Piqua police bring wiffle ball to summer park program
Piqua police will bring wiffle ball to Pitsenbarger Sports Complex for a July 14 stop in the city’s annual Police in the Parks series, a free 10 a.m. to 11:30 a.m. pickup game for youths entering grades 4 through 8. Drinks will be provided, and the setup points to a casual park activity built for easy participation rather than a formal league night.
That is the point of the series. Piqua says Police in the Parks is designed to give young people opportunities to take part in recreational activities alongside police officers while building positive relationships in a public setting.

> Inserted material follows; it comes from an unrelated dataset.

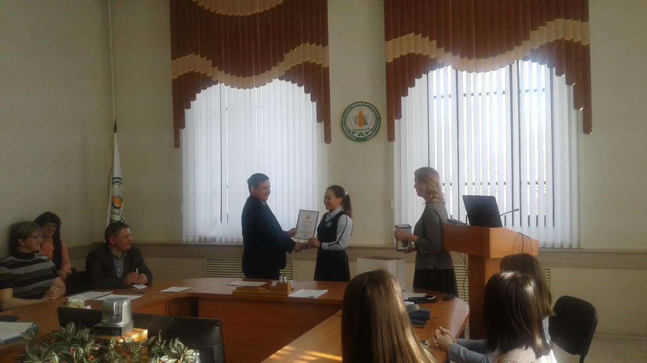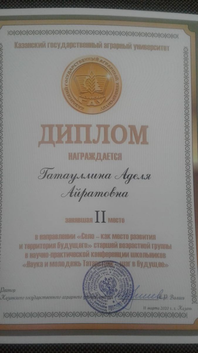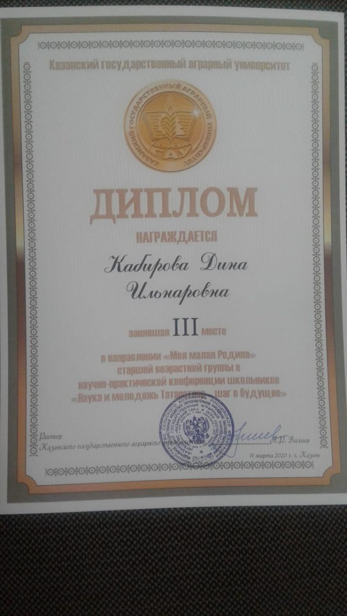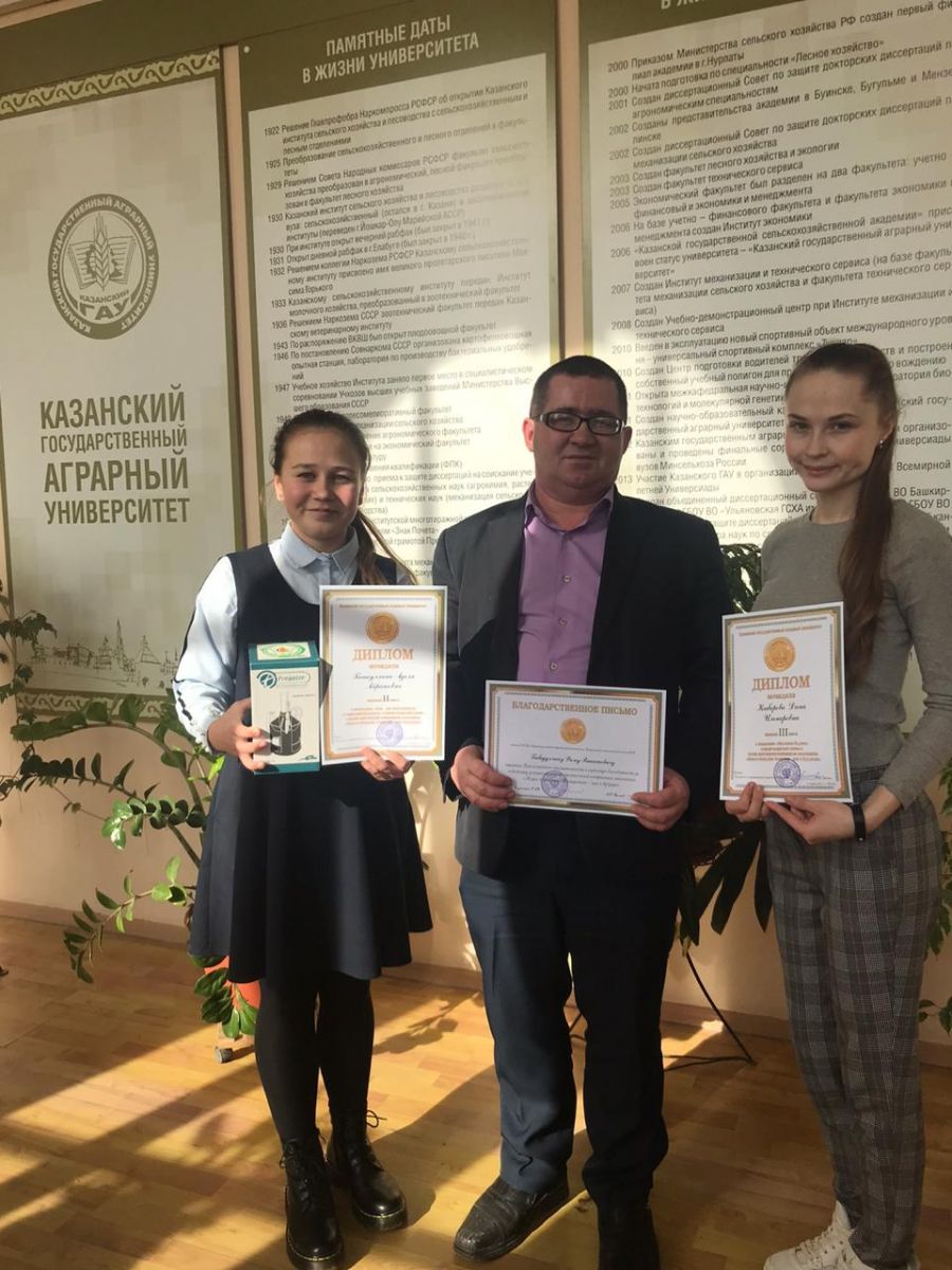 Опубликовано: 18.03.2020Казанский аграрный университет. Научно-практическая конференция школьников «Наука и молодежь Татарстана - шаг в будущее». Обучающаяся 11класса Кабирова Дина заняла 3 место, а обучающаяся 10 класса Гатауллина Аделя - 2 место. Учитель Гибадуллин Р.Р.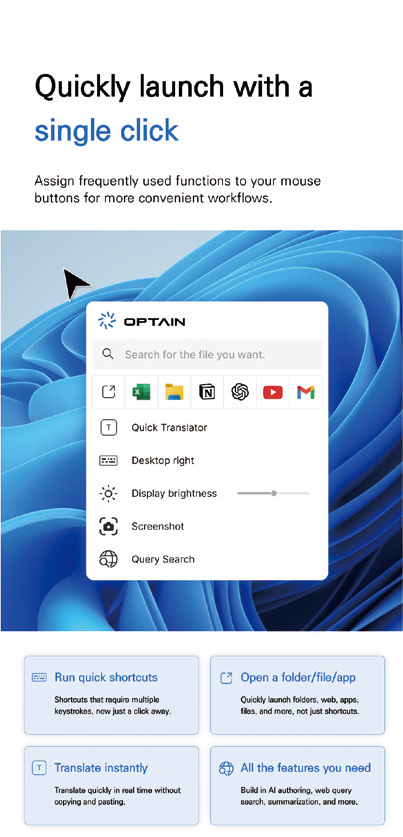 Optain is mouse-customizing SW equipped with a user-customized pop-up system, a solution that helps perform digital work more intuitively and flexibly.

The department also says community policing and problem-solving are core philosophies, which makes a low-barrier sport like wiffle ball a natural fit. The game does not ask for much from the kids beyond showing up, grabbing a bat and stepping into a friendly, supervised setting.
The July 14 stop is one part of a broader summer slate that stretches across several parks and several sports. Cornhole opened the run on June 11 at Lock 9 Park. Kickball followed on June 25 at Lower Mote Park. Pickleball is set for July 8 at Pitsenbarger Park, then wiffle ball moves to Pitsenbarger Sports Complex on July 14. Soccer comes next on July 22 at French Park, and basketball closes the listed schedule on Aug. 6 at Pitsenbarger Park. Every event runs from 10 to 11:30 a.m. unless otherwise noted, and every one is free.
That rotation matters because it shows Piqua is not treating wiffle ball as a one-off attraction. The city’s 2026 announcement calls Police in the Parks an annual program, and the calendar already shows a wiffle ball stop from July 15, 2025, which gives the series a clear track record. The repeat scheduling gives the city something more durable than a single afternoon’s turnout: a regular summer touchpoint where officers and kids can recognize each other by face, not just by uniform.
Chief Byron has led the department since 2019 and has served as safety services director since 2024, putting the program under leadership that has already tied public safety to neighborhood outreach. In practice, the success of a stop like this will not come from a scoreboard. It will come from whether the same families keep circling back through the summer slate, whether kids who show up for wiffle ball come back for another park stop, and whether Piqua keeps turning a simple game into a reason for officers and young residents to talk without pressure.